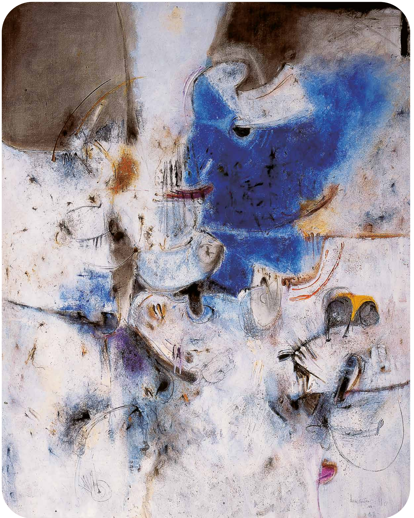
Lilia Carrillo, Amor floreciente , 1968. Óleo sobre tela.
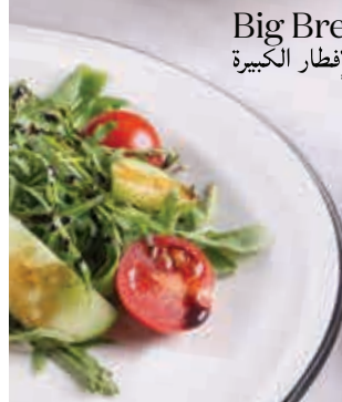
Big Breakfast وجبة الإفطار الكبيرة
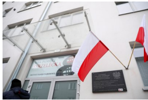
Prezes IPN dr Jarosław Szarek złożył kwiaty pod tablicą upamiętniającą ofiary reżimu komunistycznego w dawnej siedzibie NKWD/WUBP przy Strzeleckiej 8 w Warszawie - 1 marca 2021.

1 marca 2021 r. prezes IPN dr Jarosław Szarek złożył wieniec pod tablicą upamiętniającą ofiary reżimu komunistycznego, umieszczoną na budynku dawnej siedziby NKWD, a następnie b. Wojewódzkiego Urzędu Bezpieczeństwa Publicznego przy ul. Strzeleckiej 8 na Pradze w Warszawie.
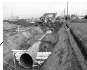
かんがい排水事業 村高地区(工期 H18～27)
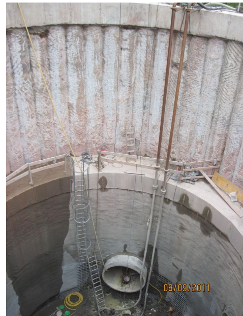
Bohrfahl- und Spritzbeton-Ringverbau
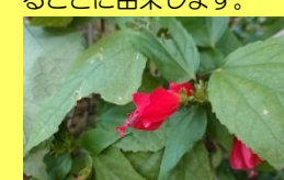
学名: Hibiscus sp. 科名: アオイ

名前はつぼみの時は上を向き、開花するにつれ下を向く様子がうなずくようであることに由来します。
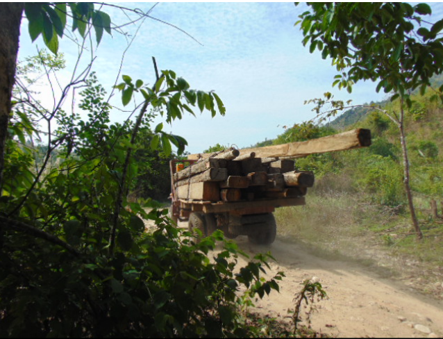
သစ်ထုတ်လုပ်မှုအငြင်းပွားခြင်းကြောင့် KNLA နှင့် MNLA တို့အကြား တိုက်ပွဲများ အနည်းငယ်ဖြစ်ပေါ်နေစဉ်အတွင်း ကားဖြင့် သစ်များကိုသယ်ယူနေသော ရွာသားများအား MNLA စစ်သားများကဖမ်းဆီးခဲ့ပါသည်။

"မန်အောင်ရဲ့အရှေ့ဖက်ဒေသမှာ သစ်ထုတ်လုပ်မှု လုပ်ငန်းတွေကို တားမြစ်ထားတယ်။ အဲ့ဒီမှာ သစ်လာလုပ်တယ်ဆိုတဲ့သတင်းလည်းကြားရော ကျွန် တော်တို့ရဲ့ စစ်သားတွေက ကင်းလှည့်နေရခြင်းဖြစ်တယ်။" 6
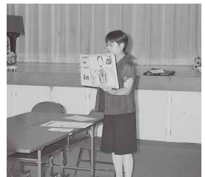
とてもわかりやすかったです。

9月11日(木) 大野まちづくりセンターで、大同東地区のひとり暮らし高齢者食事会(大同東お元気会)がありました。最近、悪徳商法のトラブルに巻き込まれる高齢者が増えているため、食事の後、消費生活センターの職員による悪徳商法講座が開かれました。紙芝居を使って、訪問してきた販売員を上手に断る方法や、クーリング・オフの仕方、催眠商法にだまされないための方法などをわかりやすく教えてもらいました。参加した対象者とボランティア総勢80名の皆さんは真剣に聞いていました。
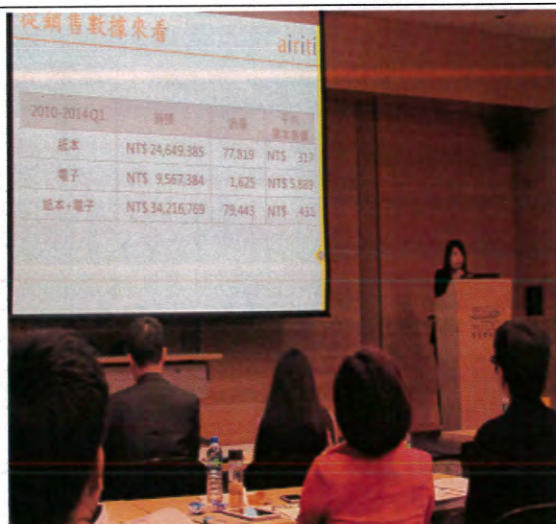
兩岸四地華文出版年會論壇現場
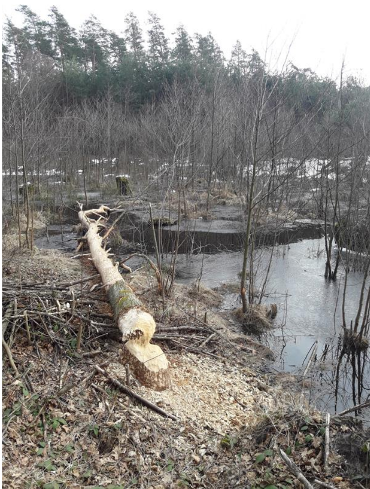
Fot. 8. Świeże zgryzienia bobrowe

Nie stwierdzono aktualnych zagrożeń, natomiast zagrożenia potencjalne związane są z bliskością głównych dróg oraz obecnością przepustów, stąd jako zagrożenie potencjalne można wymienić śmiertelność na drogach. Sąsiedztwo pól uprawnych i terenów prywatnych jest na obszarze sporadyczne, może jednak stwarzać potencjał konfliktów z działalnością bobrów, co z kolei może skutkować niszczeniem tam bobrowych i żeremi oraz kłusownictwem.
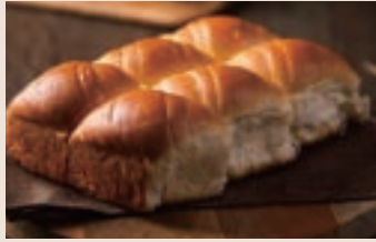
👑 手撕麵包 (蛋奶素) NT$180(6入)
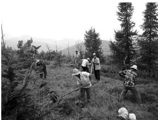
地元住民による植樹
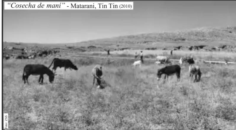
"Cosecha de mani" - Matarani, Tin Tin (2010)

"Allin puquykunaqa, jinapis tarpuykunata unquyk"
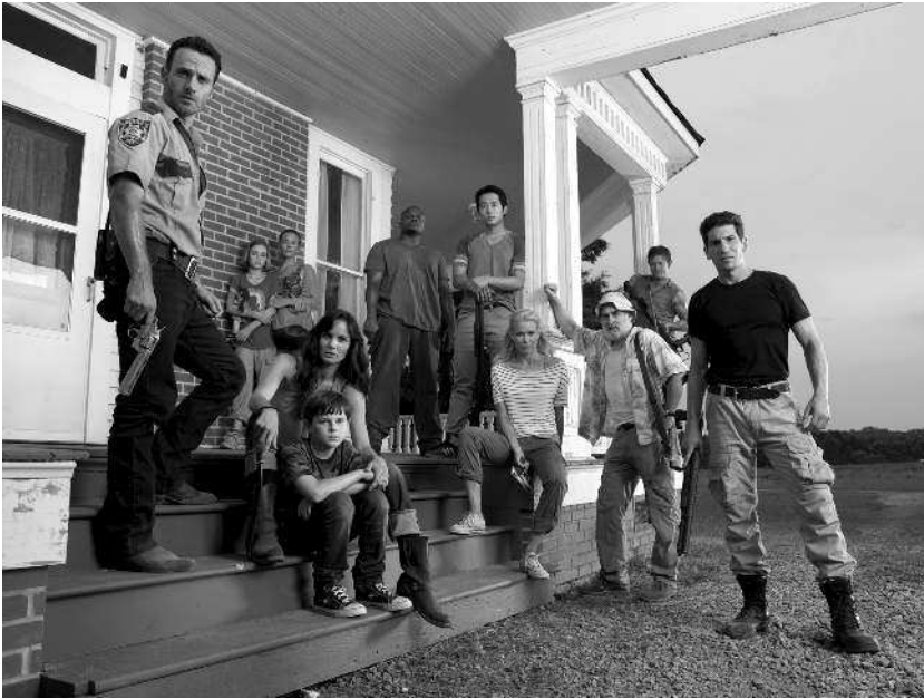
Актеры телесериала «Ходячие мертвецы»
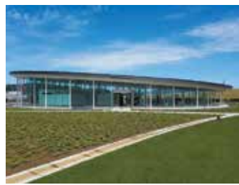
みやぎ東日本大震災津波伝承館 / 宮城県
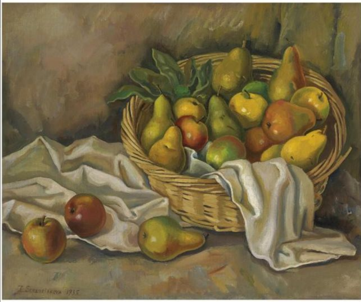
Е. Серебрякова «Натюрморт с яблоками и грушами»
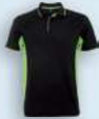
02225 Negro Lima
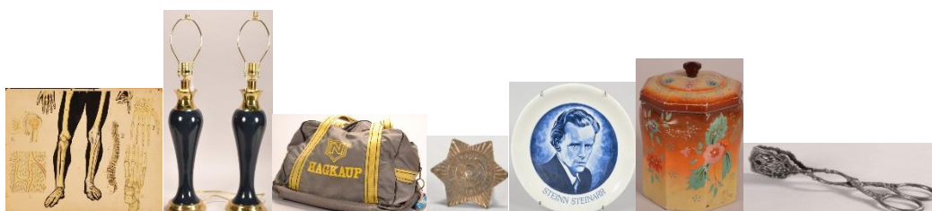
Ljósmyndir af nokkrum aðföngum 2017, sem fylgja skráningu þeirra í sarpur.is.

Að auki komu 12 aðföng án tengsla inn í safnið.
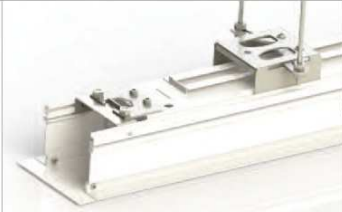
L'installation en une phase

AIM OF THE EXERCISE: Could the entries above be retyped exactly, with the pictures left out?

ANSWER TO THIS EXERCISE:
Lilia Carrillo, Amor floreciente , 1968. Óleo sobre tela.
Big Breakfast وجبة الإفطار الكبيرة
Prezes IPN dr Jarosław Szarek złożył kwiaty pod tablicą upamiętniającą ofiary reżimu komunistycznego w dawnej siedzibie NKWD/WUBP przy Strzeleckiej 8 w Warszawie - 1 marca 2021.

1 marca 2021 r. prezes IPN dr Jarosław Szarek złożył wieniec pod tablicą upamiętniającą ofiary reżimu komunistycznego, umieszczoną na budynku dawnej siedziby NKWD, a następnie b. Wojewódzkiego Urzędu Bezpieczeństwa Publicznego przy ul. Strzeleckiej 8 na Pradze w Warszawie.
かんがい排水事業 村高地区(工期 H18～27)
Bohrfahl- und Spritzbeton-Ringverbau
学名: Hibiscus sp. 科名: アオイ

名前はつぼみの時は上を向き、開花するにつれ下を向く様子がうなずくようであることに由来します。
သစ်ထုတ်လုပ်မှုအငြင်းပွားခြင်းကြောင့် KNLA နှင့် MNLA တို့အကြား တိုက်ပွဲများ အနည်းငယ်ဖြစ်ပေါ်နေစဉ်အတွင်း ကားဖြင့် သစ်များကိုသယ်ယူနေသော ရွာသားများအား MNLA စစ်သားများကဖမ်းဆီးခဲ့ပါသည်။

"မန်အောင်ရဲ့အရှေ့ဖက်ဒေသမှာ သစ်ထုတ်လုပ်မှု လုပ်ငန်းတွေကို တားမြစ်ထားတယ်။ အဲ့ဒီမှာ သစ်လာလုပ်တယ်ဆိုတဲ့သတင်းလည်းကြားရော ကျွန် တော်တို့ရဲ့ စစ်သားတွေက ကင်းလှည့်နေရခြင်းဖြစ်တယ်။" 6
とてもわかりやすかったです。

9月11日(木) 大野まちづくりセンターで、大同東地区のひとり暮らし高齢者食事会(大同東お元気会)がありました。最近、悪徳商法のトラブルに巻き込まれる高齢者が増えているため、食事の後、消費生活センターの職員による悪徳商法講座が開かれました。紙芝居を使って、訪問してきた販売員を上手に断る方法や、クーリング・オフの仕方、催眠商法にだまされないための方法などをわかりやすく教えてもらいました。参加した対象者とボランティア総勢80名の皆さんは真剣に聞いていました。
兩岸四地華文出版年會論壇現場
Fot. 8. Świeże zgryzienia bobrowe

Nie stwierdzono aktualnych zagrożeń, natomiast zagrożenia potencjalne związane są z bliskością głównych dróg oraz obecnością przepustów, stąd jako zagrożenie potencjalne można wymienić śmiertelność na drogach. Sąsiedztwo pól uprawnych i terenów prywatnych jest na obszarze sporadyczne, może jednak stwarzać potencjał konfliktów z działalnością bobrów, co z kolei może skutkować niszczeniem tam bobrowych i żeremi oraz kłusownictwem.
👑 手撕麵包 (蛋奶素) NT$180(6入)
地元住民による植樹
"Cosecha de mani" - Matarani, Tin Tin (2010)

"Allin puquykunaqa, jinapis tarpuykunata unquyk"
Актеры телесериала «Ходячие мертвецы»
みやぎ東日本大震災津波伝承館 / 宮城県
Е. Серебрякова «Натюрморт с яблоками и грушами»
02225 Negro Lima
Ljósmyndir af nokkrum aðföngum 2017, sem fylgja skráningu þeirra í sarpur.is.

Að auki komu 12 aðföng án tengsla inn í safnið.
L'installation en une phase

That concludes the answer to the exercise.